= Beginning of Section =

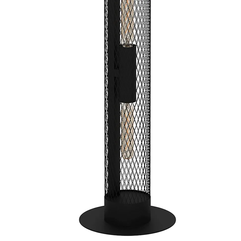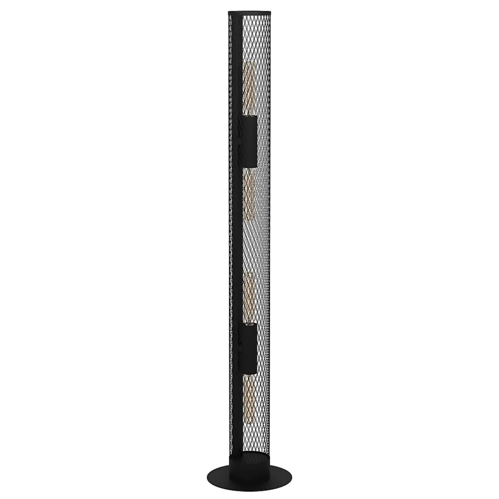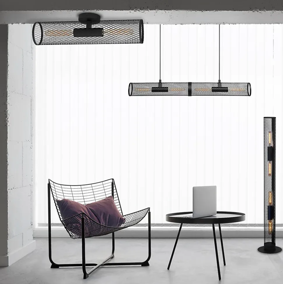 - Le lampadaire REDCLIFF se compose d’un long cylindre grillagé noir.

= End of Section =
= Beginning of Section =

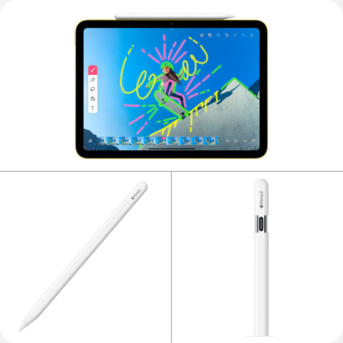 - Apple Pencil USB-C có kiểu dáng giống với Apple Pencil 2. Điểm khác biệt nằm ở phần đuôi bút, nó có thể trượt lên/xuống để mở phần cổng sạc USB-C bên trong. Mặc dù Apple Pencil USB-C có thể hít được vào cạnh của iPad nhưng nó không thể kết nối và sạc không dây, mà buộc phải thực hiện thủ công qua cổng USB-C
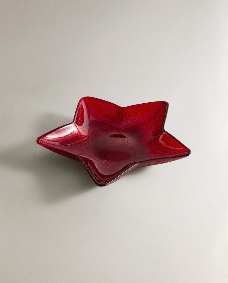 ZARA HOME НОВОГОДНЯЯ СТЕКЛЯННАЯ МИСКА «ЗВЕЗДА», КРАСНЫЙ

= End of Section =

* [Problem to solve]
In the material above, the stretch from the line with "- Apple Pencil" through the line with "ZARA HOME НОВОГОДНЯЯ" is to be given again exactly, minus the pictures.

* [Task solution]
 - Apple Pencil USB-C có kiểu dáng giống với Apple Pencil 2. Điểm khác biệt nằm ở phần đuôi bút, nó có thể trượt lên/xuống để mở phần cổng sạc USB-C bên trong. Mặc dù Apple Pencil USB-C có thể hít được vào cạnh của iPad nhưng nó không thể kết nối và sạc không dây, mà buộc phải thực hiện thủ công qua cổng USB-C
 ZARA HOME НОВОГОДНЯЯ СТЕКЛЯННАЯ МИСКА «ЗВЕЗДА», КРАСНЫЙ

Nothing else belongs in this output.